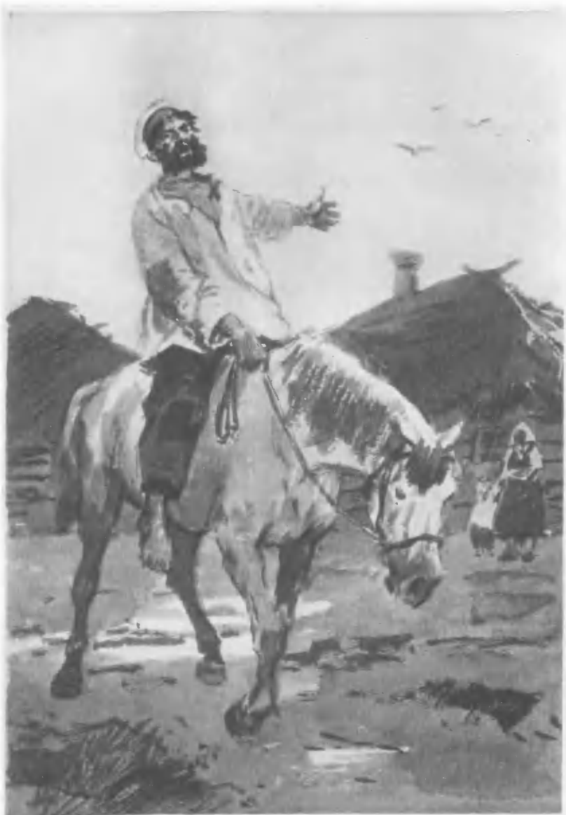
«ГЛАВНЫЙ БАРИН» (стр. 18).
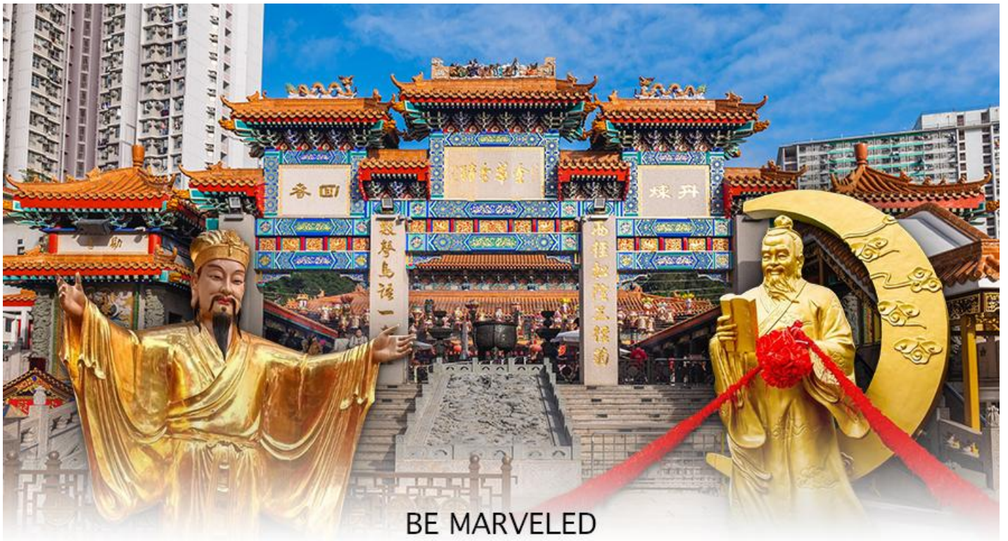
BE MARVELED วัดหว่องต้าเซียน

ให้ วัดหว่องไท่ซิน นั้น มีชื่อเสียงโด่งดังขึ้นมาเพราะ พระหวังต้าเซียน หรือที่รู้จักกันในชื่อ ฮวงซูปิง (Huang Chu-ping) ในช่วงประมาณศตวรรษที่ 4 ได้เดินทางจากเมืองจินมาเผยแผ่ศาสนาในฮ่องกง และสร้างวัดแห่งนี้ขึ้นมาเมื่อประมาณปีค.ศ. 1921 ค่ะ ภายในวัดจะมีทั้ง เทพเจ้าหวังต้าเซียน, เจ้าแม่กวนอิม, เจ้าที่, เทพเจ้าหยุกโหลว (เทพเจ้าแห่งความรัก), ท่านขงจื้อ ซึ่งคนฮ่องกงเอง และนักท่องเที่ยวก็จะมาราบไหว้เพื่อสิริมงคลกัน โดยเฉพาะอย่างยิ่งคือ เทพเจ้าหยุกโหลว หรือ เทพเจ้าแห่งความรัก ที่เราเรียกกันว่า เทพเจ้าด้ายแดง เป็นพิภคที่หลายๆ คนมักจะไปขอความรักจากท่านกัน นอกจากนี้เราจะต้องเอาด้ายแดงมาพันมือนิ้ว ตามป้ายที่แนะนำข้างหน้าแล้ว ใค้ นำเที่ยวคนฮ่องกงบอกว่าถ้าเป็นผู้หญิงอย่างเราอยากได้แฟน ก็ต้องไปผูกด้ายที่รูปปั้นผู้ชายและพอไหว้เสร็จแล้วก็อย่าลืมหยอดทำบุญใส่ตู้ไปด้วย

■ ■ ■ ■ ■

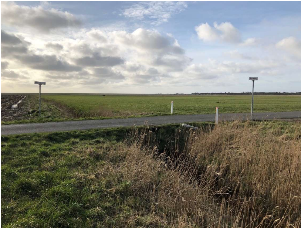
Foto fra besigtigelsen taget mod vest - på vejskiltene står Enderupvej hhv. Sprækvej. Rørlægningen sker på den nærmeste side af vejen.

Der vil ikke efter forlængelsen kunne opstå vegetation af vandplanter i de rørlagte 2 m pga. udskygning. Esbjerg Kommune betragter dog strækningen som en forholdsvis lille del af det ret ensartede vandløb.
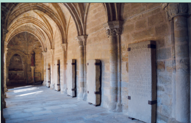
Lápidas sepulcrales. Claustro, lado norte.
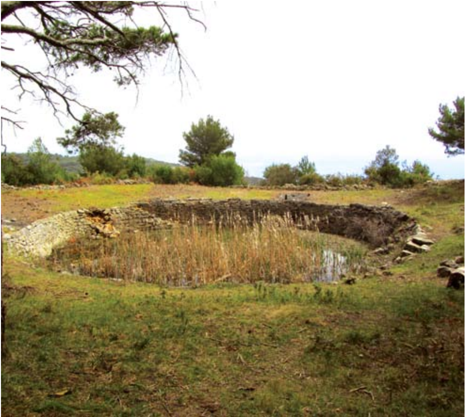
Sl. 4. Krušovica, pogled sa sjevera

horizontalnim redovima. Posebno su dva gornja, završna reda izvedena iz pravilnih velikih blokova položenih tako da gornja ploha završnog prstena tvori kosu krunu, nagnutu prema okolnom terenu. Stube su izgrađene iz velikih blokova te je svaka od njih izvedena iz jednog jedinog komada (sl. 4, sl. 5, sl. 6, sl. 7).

■ ■ ■ ■ ■

An exact copy of the lines above, from the one containing "Sl. 4. Krušovica, pogled sa sjevera" down to the one containing "horizontalnim redovima. Posebno" and including both, is the whole answer; retype it and nothing else.

Sl. 4. Krušovica, pogled sa sjevera

horizontalnim redovima. Posebno su dva gornja, završna reda izvedena iz pravilnih velikih blokova položenih tako da gornja ploha završnog prstena tvori kosu krunu, nagnutu prema okolnom terenu. Stube su izgrađene iz velikih blokova te je svaka od njih izvedena iz jednog jedinog komada (sl. 4, sl. 5, sl. 6, sl. 7).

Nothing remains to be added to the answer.